**Available records**

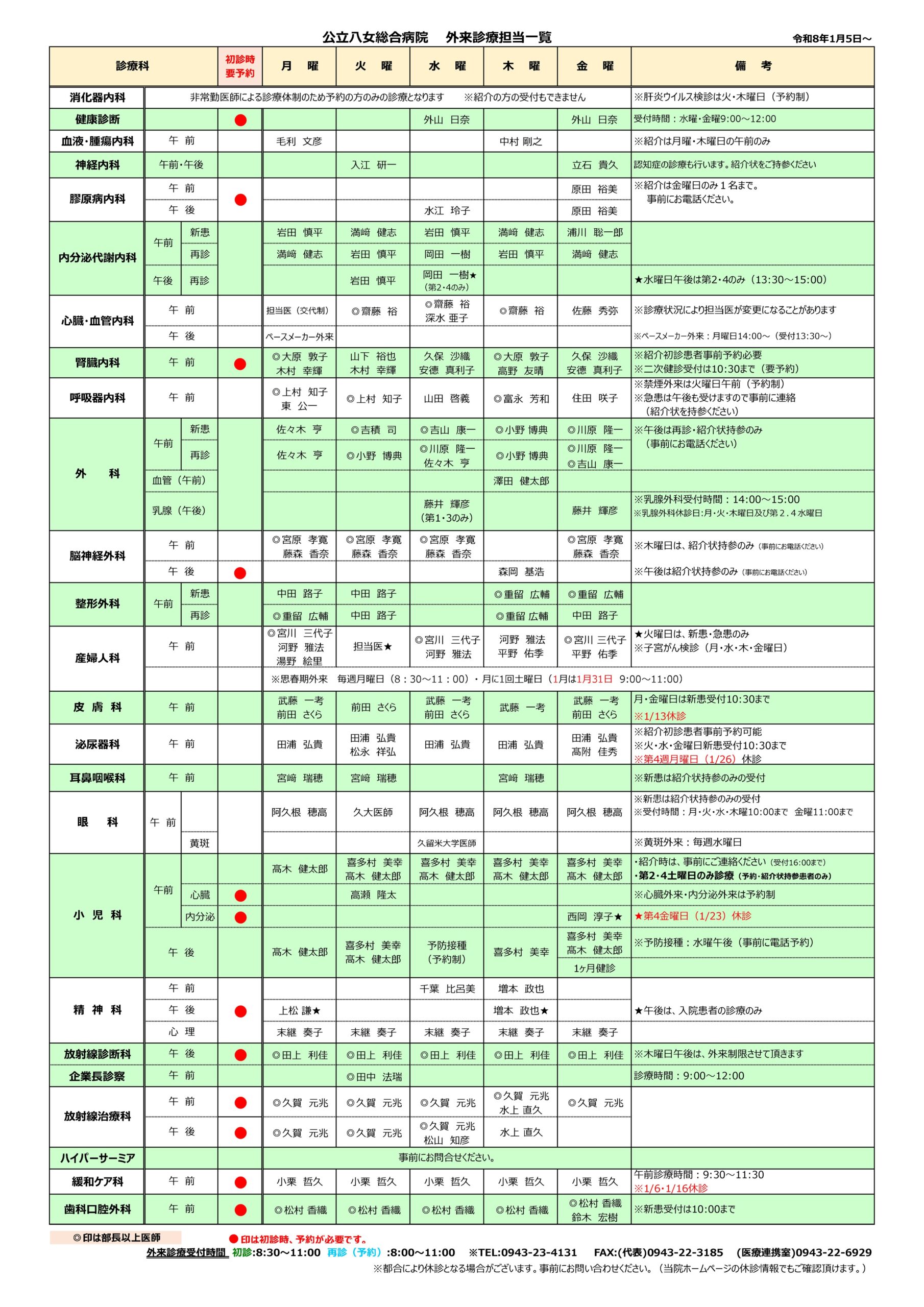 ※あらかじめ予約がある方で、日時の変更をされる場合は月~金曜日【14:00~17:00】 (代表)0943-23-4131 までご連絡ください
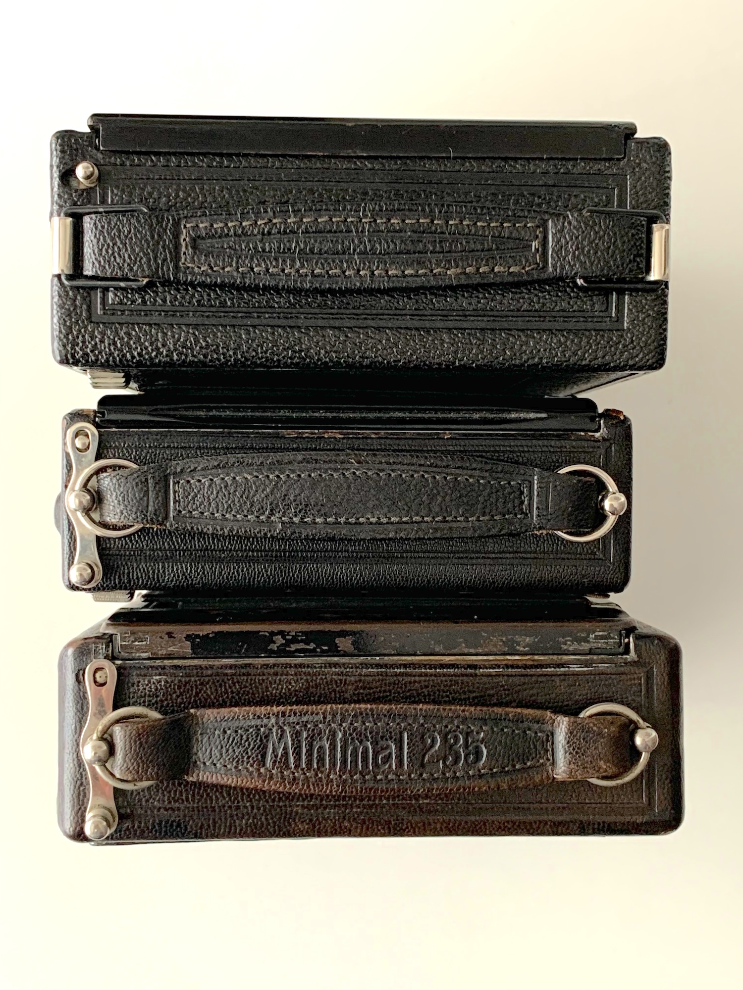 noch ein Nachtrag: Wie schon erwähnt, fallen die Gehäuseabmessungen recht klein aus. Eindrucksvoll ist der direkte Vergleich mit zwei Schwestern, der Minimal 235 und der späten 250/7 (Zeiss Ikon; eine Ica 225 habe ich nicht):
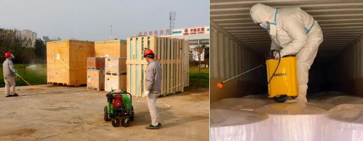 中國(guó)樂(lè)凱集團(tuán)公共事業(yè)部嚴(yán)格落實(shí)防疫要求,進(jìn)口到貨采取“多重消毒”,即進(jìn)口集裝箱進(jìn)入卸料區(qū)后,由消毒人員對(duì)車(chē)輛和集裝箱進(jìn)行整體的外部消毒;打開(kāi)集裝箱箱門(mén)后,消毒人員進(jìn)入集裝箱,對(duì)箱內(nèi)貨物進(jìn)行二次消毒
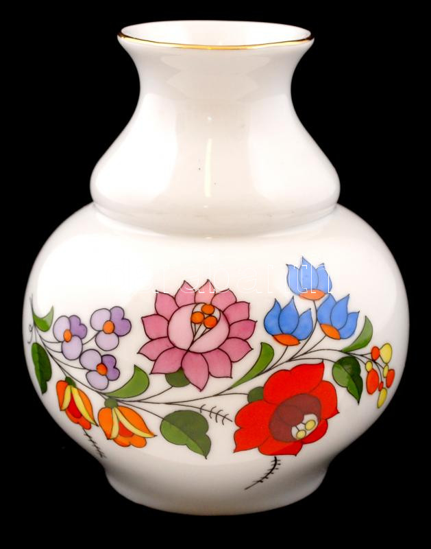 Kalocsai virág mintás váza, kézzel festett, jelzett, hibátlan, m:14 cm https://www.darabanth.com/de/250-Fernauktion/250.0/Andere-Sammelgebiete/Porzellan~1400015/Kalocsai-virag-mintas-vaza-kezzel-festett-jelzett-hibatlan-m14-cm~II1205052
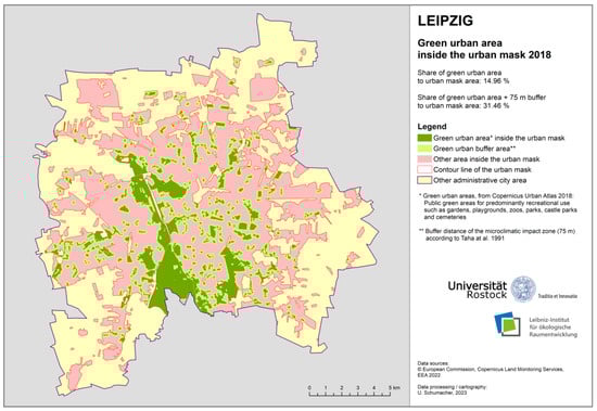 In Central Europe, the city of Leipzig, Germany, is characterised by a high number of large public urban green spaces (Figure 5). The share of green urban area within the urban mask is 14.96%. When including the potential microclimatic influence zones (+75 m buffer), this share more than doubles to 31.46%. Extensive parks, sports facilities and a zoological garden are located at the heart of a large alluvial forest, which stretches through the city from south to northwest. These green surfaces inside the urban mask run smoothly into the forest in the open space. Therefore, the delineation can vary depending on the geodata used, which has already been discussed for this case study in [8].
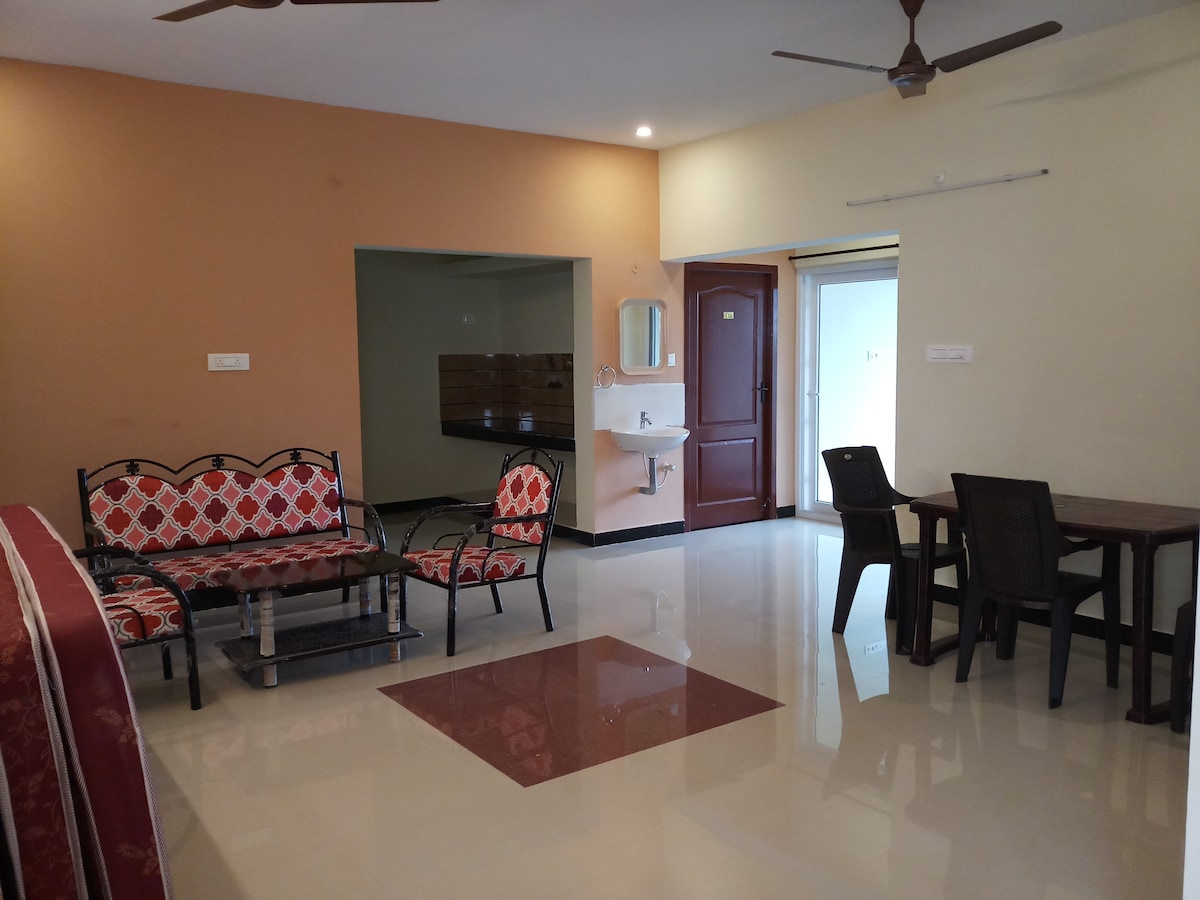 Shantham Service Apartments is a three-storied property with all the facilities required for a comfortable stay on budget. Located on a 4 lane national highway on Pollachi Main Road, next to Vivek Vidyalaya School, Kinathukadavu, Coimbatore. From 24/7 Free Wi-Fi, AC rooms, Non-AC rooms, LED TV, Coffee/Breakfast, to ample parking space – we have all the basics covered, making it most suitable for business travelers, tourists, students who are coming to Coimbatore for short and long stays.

**Exercise aim**
The required output is a verbatim repetition of the lines from the opening of the entries above through the line containing "In Central Europe, the", inclusive, with no pictures and nothing else.

**Solution below**
 ※あらかじめ予約がある方で、日時の変更をされる場合は月~金曜日【14:00~17:00】 (代表)0943-23-4131 までご連絡ください
 noch ein Nachtrag: Wie schon erwähnt, fallen die Gehäuseabmessungen recht klein aus. Eindrucksvoll ist der direkte Vergleich mit zwei Schwestern, der Minimal 235 und der späten 250/7 (Zeiss Ikon; eine Ica 225 habe ich nicht):
 中國(guó)樂(lè)凱集團(tuán)公共事業(yè)部嚴(yán)格落實(shí)防疫要求,進(jìn)口到貨采取“多重消毒”,即進(jìn)口集裝箱進(jìn)入卸料區(qū)后,由消毒人員對(duì)車(chē)輛和集裝箱進(jìn)行整體的外部消毒;打開(kāi)集裝箱箱門(mén)后,消毒人員進(jìn)入集裝箱,對(duì)箱內(nèi)貨物進(jìn)行二次消毒
 Kalocsai virág mintás váza, kézzel festett, jelzett, hibátlan, m:14 cm https://www.darabanth.com/de/250-Fernauktion/250.0/Andere-Sammelgebiete/Porzellan~1400015/Kalocsai-virag-mintas-vaza-kezzel-festett-jelzett-hibatlan-m14-cm~II1205052
 In Central Europe, the city of Leipzig, Germany, is characterised by a high number of large public urban green spaces (Figure 5). The share of green urban area within the urban mask is 14.96%. When including the potential microclimatic influence zones (+75 m buffer), this share more than doubles to 31.46%. Extensive parks, sports facilities and a zoological garden are located at the heart of a large alluvial forest, which stretches through the city from south to northwest. These green surfaces inside the urban mask run smoothly into the forest in the open space. Therefore, the delineation can vary depending on the geodata used, which has already been discussed for this case study in [8].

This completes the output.